One verse in the Gospel of John, verse 3:16, “For God so loved the world that he gave his only Son, so that everyone who believes in him might not perish, but might have eternal life,” has become a slogan, often emblazoned in placards displayed at sporting events. Why has this verse gained the attention of ordinary people who do normal things like cheering on their favorite team? The answer is that it compresses into a single sentence the entire gospel, and even reminds us of the grand narrative behind the gospel.

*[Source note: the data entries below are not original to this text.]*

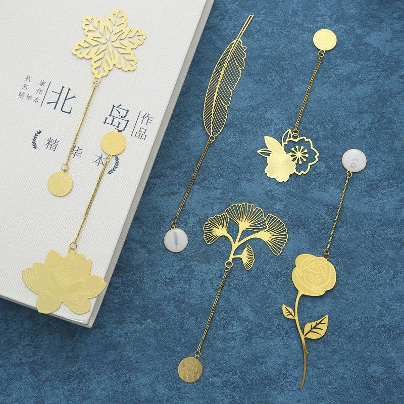 Exquisite hollow creative brass metal leaf vein bookmark Forbidden City Wenchuang small gift classical Chinese style lotus small fresh student simple and exquisite cute antique business gift custom lettering
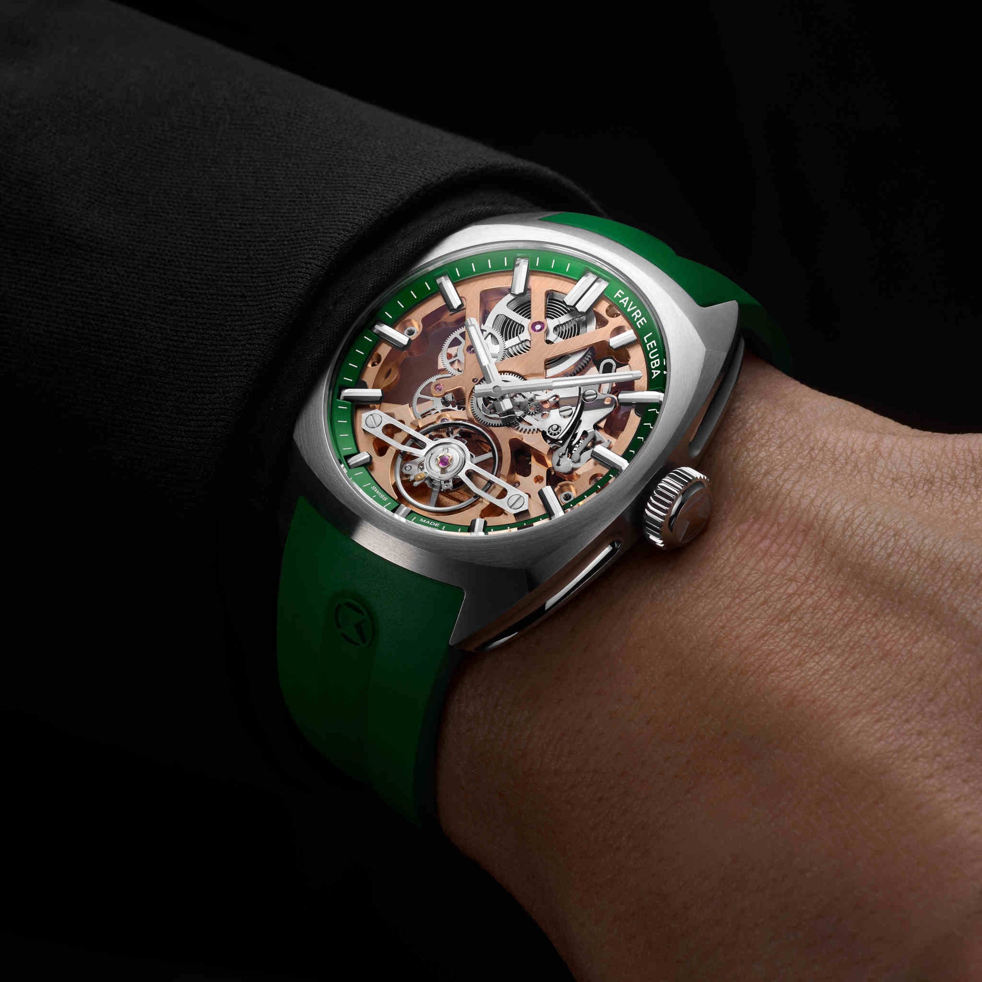鮮烈なグリーンのミニッツトラックは、スケルトン化されたムーブメントの奥行きを際立たせ、香箱とテンプのシンメトリー構造を引き立てます。
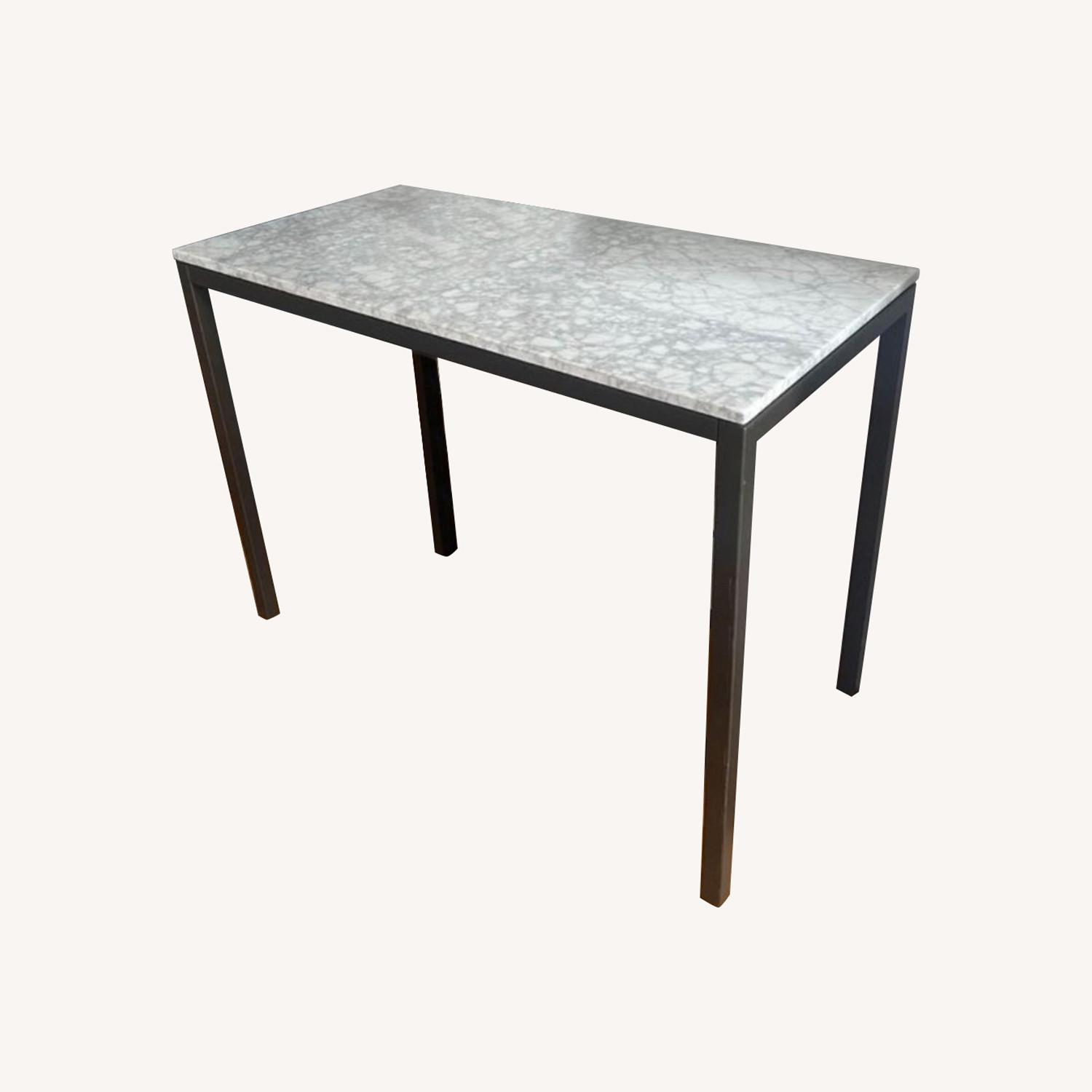 Seller's Notes:West Elm counter height marble bar table with matte black metal legs. Great condition, the front leg has some light scratches and top has some water marks but only visible under direct light. Originally bought for $900.

Today’s reading from the Gospel of John is a conversation between Jesus and Nicodemus. Nicodemus seems to represent official Judaism; he is a Pharisee and “ruler of the Jews.” Though Nicodemus is a member of the Jewish establishment, he is impressed by Jesus and wants to learn more. Later on, Nicodemus will insist that Jesus be given a fair hearing and then, with Joseph of Arimathea, will courageously attend to Jesus’s burial.
In speaking to Nicodemus, Jesus seems to be addressing Judaism itself in a non-polemical and positive way. In contrast to the somewhat negative tone the Fourth Gospel uses to speak of the “the world,” Jesus here speaks of God’s immense love of the world as it actually is, not an idealized world of justice and peace, but the world that is resistant to God and characterized by darkness rather than light. This is the world that God loves, a world marred by pain, stupidity, hatred, sin and death. The good news is that we are in this world so loved by God. We do not have to earn God’s love. God does not avoid our flawed world, but comes into it and enables us to experience within it divine love in its fullness.
What response can we make to the light that God brings into the world we actually live in? The answer is given in the first line of the Gospel, “Just as Moses lifted up the serpent in the desert, so must the Son of Man be lifted up, so that everyone who believes in him may have eternal life. “Lifted up” originally referred to the Israelites in the Exodus from Egypt who were bitten by desert serpents and then cured of the poison by gazing at the bronze serpent that Moses erected as an antidote. All who gazed upon it were healed. So, in the Gospel according to John, Jesus is the one “lifted up” in the crucifixion. If we look upon him with faith, we will be healed. As the biblical scholar Brendan Byrne remarked, “Confronting at one and the same time their own evil and supremely costly divine gift that takes it away, [people] come to know God revealed as Love, reaching out to draw them into the sphere of undying divine love.”